Anyway I will just refer to this post in future as we are not contributing anything new to this thread and this is digressing about the AIB partners situation, which is not the same situation although does show that there are financial incentive schemes (this is not the only one) run by both IHV beyond the current discussion.

Edit: 23/03
Toned down.
 
Last edited:
This is a very good point. I would encourage people to try to stick to the Nvidia GPP topic.
My first few posts here were related to the same topic, I never meant to derail this thread, that thought is childish and ridiculous actually, the whole point of someone wanting to derail some discussion is never really fruitful, as the discussion will go back to the original topic no matter what anyone does. This is a forum after all, not some live talk show. Discussions branch and converge all the time.

That said, I suggest we move all the discussions related to the effects of AMD's focused mining efforts in a new thread with an appropriate title.
 
Bitmain and two other chip makers will commence manufacturing Etherium ASIC, as such investment rating for AMD and NVIDIA are adjusted based on the expected hit. AMD will be affected hard by this.

Rolland further estimated that ethereum mining-related sales accounted for about 20% of AMD's sales and 10% of NVIDIA's revenue - strong numbers that if declining, would surely impact share value and company valuation. As a result, the analyst lowered his price target for AMD shares to $7.50 from $13, representing a 29% reduction from Friday's close.

Forecast for NVIDIA shares was also reduced to $200 from $215, but NVIDIA didn't see a downgraded state - it remained at neutral - while AMD was downgraded from neutral to negative. The reasoning? "NVIDIA has a stronger and more durable gaming franchise which would help it work through this potential Ethereum-related unwind," he wrote.

https://www.techpowerup.com/242717/...look-as-bitmain-preps-to-launch-ethereum-asic

On another note AMD continues to do more driver development for miners!

As an added bonus for cryptocurrency miners, this latest driver revision also fixes some issues with lower performance on some blockchain workloads.
https://www.techpowerup.com/242711/amd-releases-radeon-software-adrenalin-18-3-4-beta-drivers
 
Last edited:
All they did with the recent driver was fix the cryptonight bug that had been hampering Vega 56/64 hashrate performance on normal drivers.
Vega cards weren't detecting Compute mode on newer drivers, which is why anyone mining e.g. Monero could only use the old drivers from August 2017.

This was not a problem for large-scale miners as those don't give a shit about game optimization updates so they were happy to use the old driver.
There's no "blockchain optimization" to increase mining performance of AMD cards. It only allows gamers with a Vega 56/64 to be able to mine Monero during idle times.

As a gamer who's been using his Vega 64 to mine XMR to keep the house warmer during winter and eventually hold some very solid cryptocurrency that is actively fighting Bitmain's centralized PoW, I welcome these news.
It might also get more gamers onboard to pay more for a Vega card when production scales up and prices go down, if the algorithm change the XMR team is imposing to kill ASIC efficiency is successful (which it should).
 
NVIDIA CEO: cryptocurrency mining “is not our business”

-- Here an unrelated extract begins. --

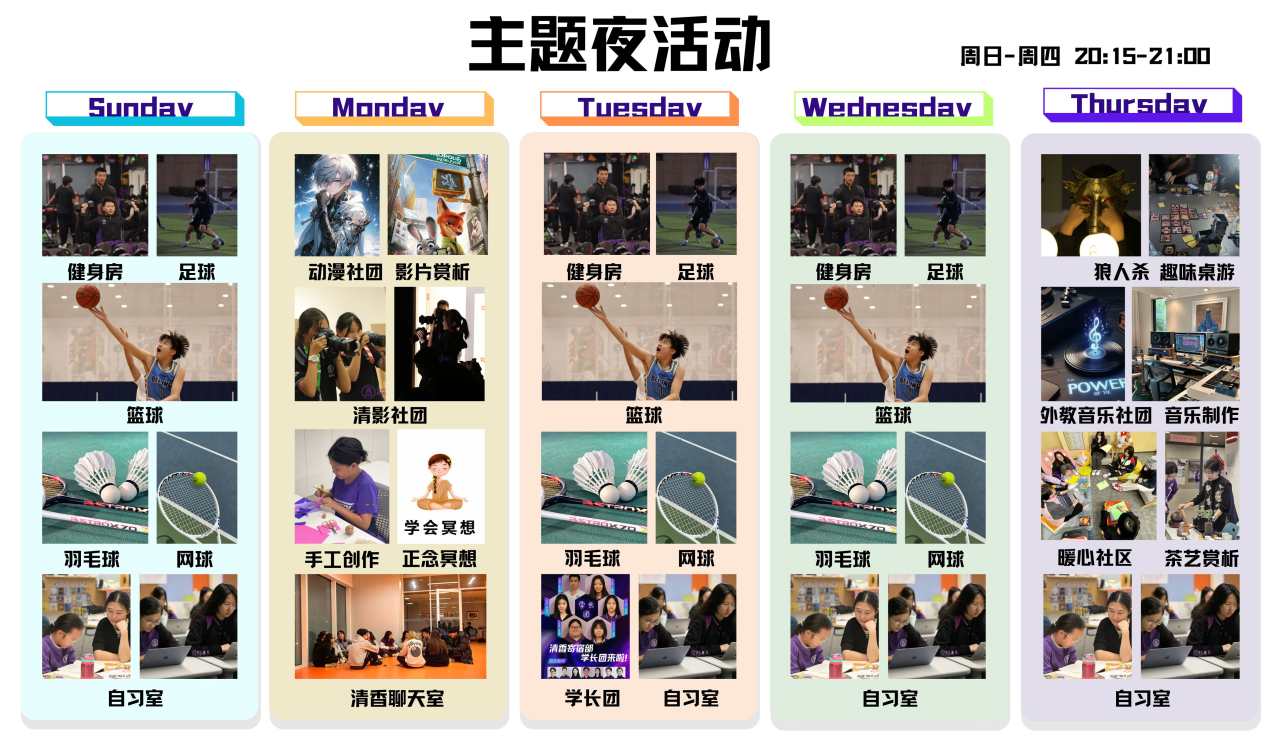 清香寄宿中心所在的“明斋”是绿色环保建筑,通过了美国绿色建筑委员会的权威认证并获得 LEED 金奖,建筑采用地 源热泵采暖制冷,新风系统、中央空调一应俱全。此外,全楼还配有空气质量检测系统,当室内空气出现变化时,检测 系统会发出报警提醒,以便调试,确保孩子们呼吸到新鲜空气,保障身体健康。所有房间配备了齐全的学习、生活设施, 以及环保舒适的床上用品。 每个房间都是独立卫浴,且干湿分离,极具人性化。每个楼层还免费提供洗衣设备(洗衣机和烘干机),每个楼层也都 设有专门的学生自习室和直饮水系统。宿舍楼下设有静音舱电话亭,便于孩子们及时跟家长联系沟通,宿舍楼每层男生 区和女生区也都配有专门的电话和对讲机,保障寄宿生在遇到特殊情况时也能随时联系到老师和家长。 除了一流的硬件设施,“专业的支持与服务”也是清香寄宿中心的特色。“双导师制”,各尽其责,全方位引领,助力 学生健康发展。每个孩子都有一位学术导师和一位成长导师,以确保来自多元背景的每个孩子在学业和生活方面都被全 方位关爱,每个孩子的特殊优势都能得到关注。 学校还在宿舍楼健康中心设置了专业的校医室,提供 24 小时的医疗服务,为孩子们的健康提供了另一层保护。营养均衡, 品种多样的一日三餐,以及上下午大课间和晚自习后三次的美味加餐,为孩子们的能量摄取提供了保障。 清香寄宿中心还为孩子们提供提高学术英语水平的英语晚课。英语晚课包括学术英语课程和出国考试课程供学生选择。 清香大讲堂的大师讲座也是清香寄宿中心的特色。每周返校日,我们邀请在专业领域有卓越建树的科研人员或专家教授 等专业人士为孩子们开启一场又一场别开生面的大师讲座。 清香寄宿中心开展了丰富的课余活动。“绘筑清香园”的年度画展和摄影展活动,培养了孩子们对美的欣赏和追求,以 及对生活的热爱。“主题夜活动”,涉及英语学习、纪录片赏析、体育运动和影音、手工、拼图、心理、桌游、音乐制 作等丰富的选择。活动形式多样而有趣,孩子们可以根据个人兴趣和需求自主选择。“温暖生日派对”,每月初清香寄 宿中心的导师们都会为当月过生日的孩子精心策划一次生日派对。 清香寄宿中心还设置了一系列的评比及奖励机制。比如,优秀宿舍评比、全勤奖、先进个人奖等。 清香寄宿中心重视家校协同共促学生成长。每个宿舍都有自己的专属微信群,群内有主管校领导、寄宿部主任、组长、 成长导师和学术导师与家长共同组成助力学生成长的共同体。 成长导师具有教育或心理相关资质,为学生建立成长档案,及时反馈孩子们在学校生活学习的点点滴滴,以便家长充分 了解孩子的在校情况与家长默契配合,共同助力学生的全面发展。导师也会提醒孩子周中与家长电话联系,交流在校的 生活和学习,关心爸爸妈妈以及其他家庭成员的生活。学术导师主要由学科教师兼任,陪伴学生高效利用晚自习的时间 完成学术任务,也会与家长保持沟通联系,共同为学生提供有力的支持。 “寄宿”也是一种学习,是一种延伸到教室外的学习。对寄宿的孩子来说,集体生活使得他们可以具备独立生活的技能, 懂得尊重他人,遵守规则,学会团结协作。在集体生活中,希望孩子们学会如何从个人的选择去影响身边的社区和世界。

While promoting the benefits of GPUs for the cryptocurrency market, he maintains that cryptocurrency mining is not NVIDIA’s business. Instead, GTC’s major focus is to leverage the power of the GPU in systems like the newly launched DGX-2, Tesla, Drive, and GV100s to make advancements in gaming, workstation, artificial intelligence, healthcare and cloud computing.

Quite frankly, I prefer that our GPUs are available to be used in those areas,” Huang stated, referring to AI and gaming. “And the reason is that there is so much shortage of GPUs at the moment. It’s hard for us to keep it in stock.”